Libreboot has, as of today, become an official member project within SPI, or more formally, Software in the Public Interest. Libreboot's project page is here:

https://www.spi-inc.org/projects/libreboot/

Software in the Public Interest (SPI) is a non-profit corporation in New York, which provides legal and fiscal infrastructure for Free Software projects. They assist projects in the handling of administrative tasks, money and so on, allowing those projects to focus on the thing that matters most: the code.

Organisations like SPI are vital for the health of the entire Free Software movement, and I'm extremely grateful to SPI for accepting Libreboot!

I contacted them earlier in 2025, around the time I attended FOSDEM 2025 in Belgium.

Here is the resolution from SPI's board meeting on 14 July 2025, where Libreboot was officially accepted as a member project:

https://www.spi-inc.org/corporate/resolutions/2025/2025-07-14.js.1/

SPI holds their board meetings on IRC. Here is the public IRC log of the board meeting, in which the above resolution was accepted unanimously:

https://www.spi-inc.org/meetings/logs/2025/2025-07-14.txt

SPI then contacted me with their invitation, based on this resolution, and I accepted their invitation!

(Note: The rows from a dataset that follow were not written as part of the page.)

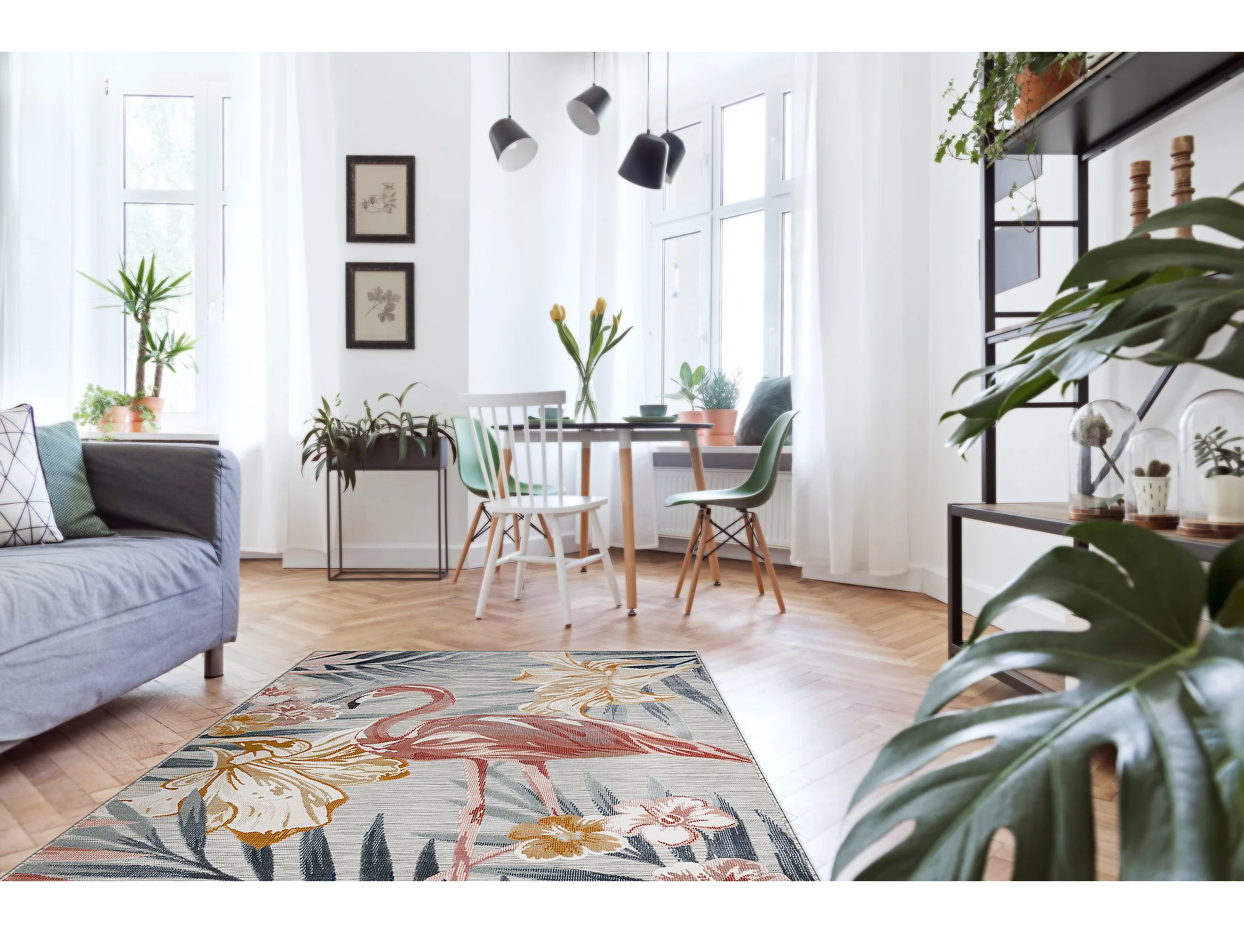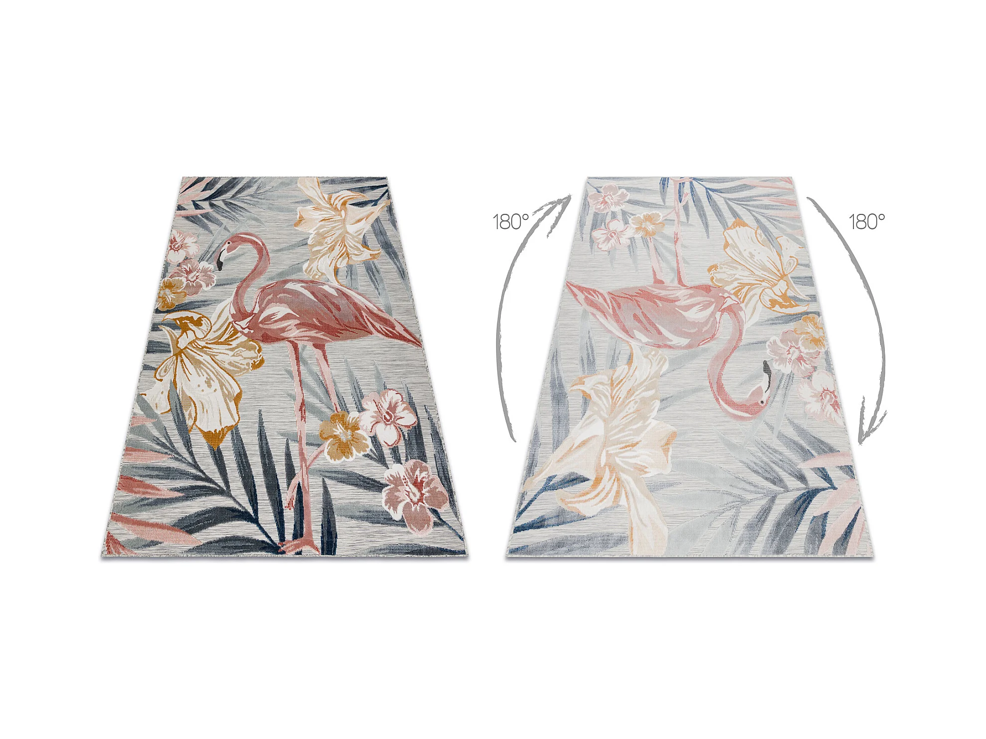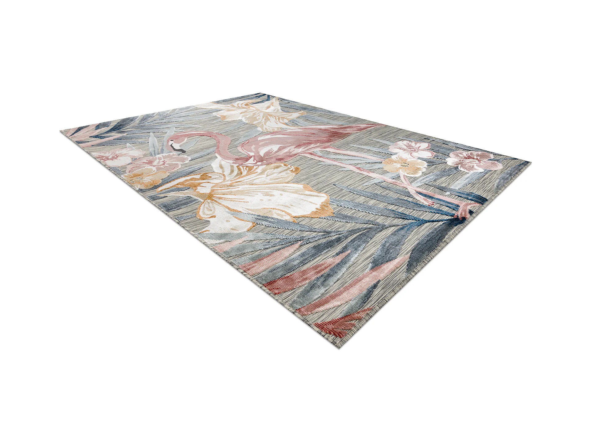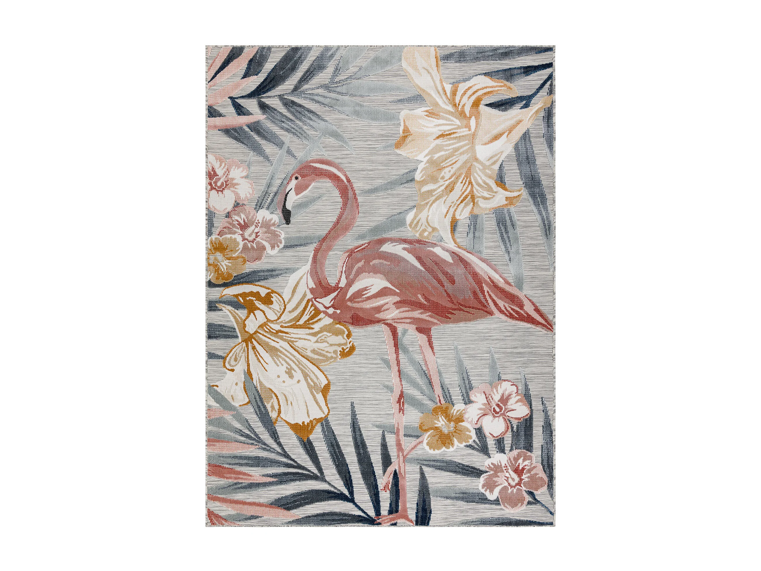 Tapis Structurel BOTANIC 65263 Flamant fleurs, feuilles tissé à plat 157x220 cm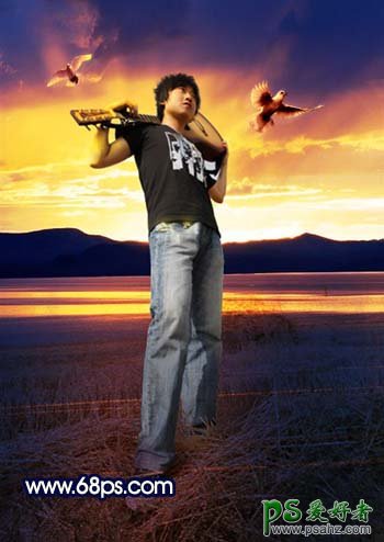 PS给旷野中的音乐男孩儿照片调出艺术写真效果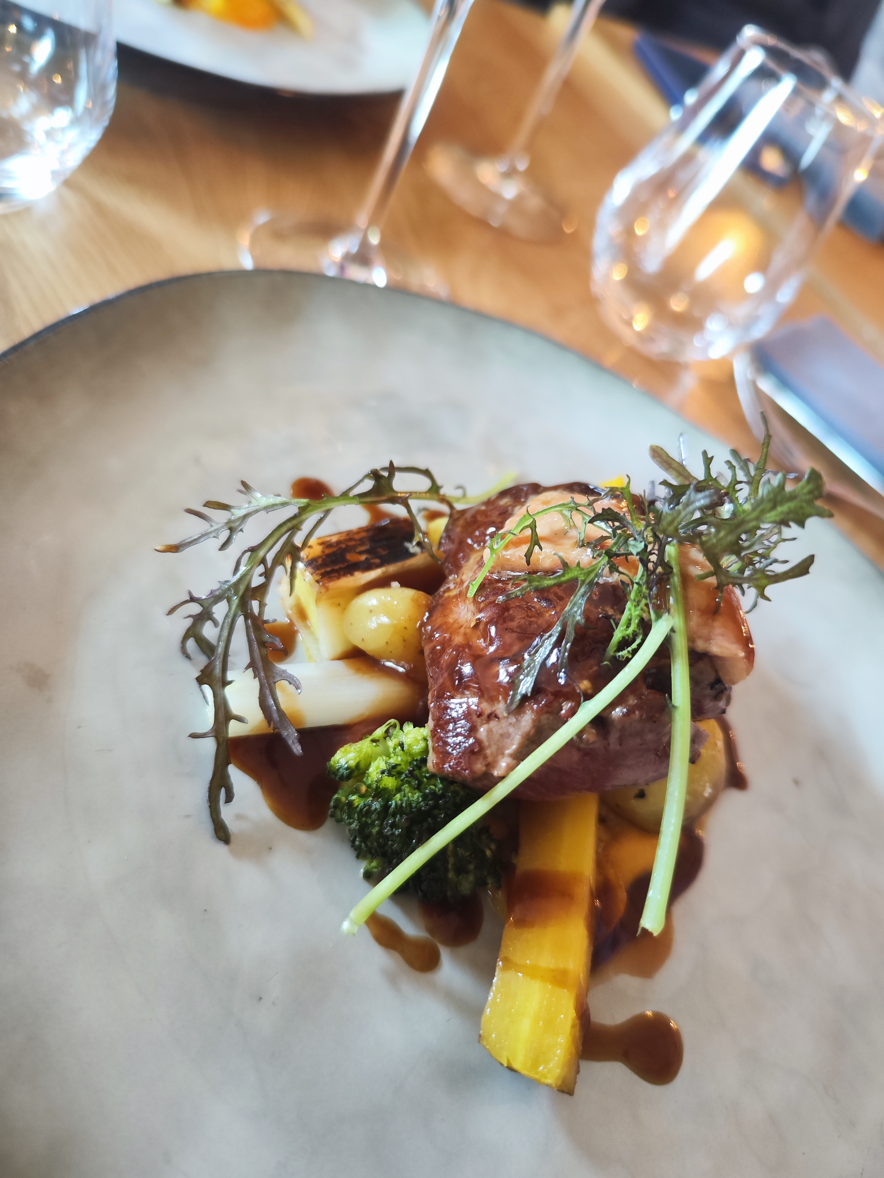 Excellente découverte sur la route du week-end. Un cadre chaleureux, du personnel jeune, compétent et efficace. Et surtout des plats excellentissimes et raffinés. Le foie gras poêlé est divin. Je recommande chaleureusement et ne manquerai pas d’y revenir.

Going forward, I will be using Libreboot's SPI membership for several things, such as:

  • Accepting donations from the public, to provide funding for Libreboot; this includes things like research/development costs (buying hardware and equipment mostly, for porting to Libreboot and for testing).
  • Paying for project expenses - I'll likely start using it to pay for e.g. domain name renewals, hosting, and so on, in the future. I currently pay these expenses myself.
  • Legal assistance; for example if Libreboot ever wants to use contractors in the future to work on things, that sort of thing. And of course, if Libreboot generally ever needs help with legal documents.
  • In general, if the project ever has much larger expenses in the future, SPI can also manage whatever assets Libreboot needs it to.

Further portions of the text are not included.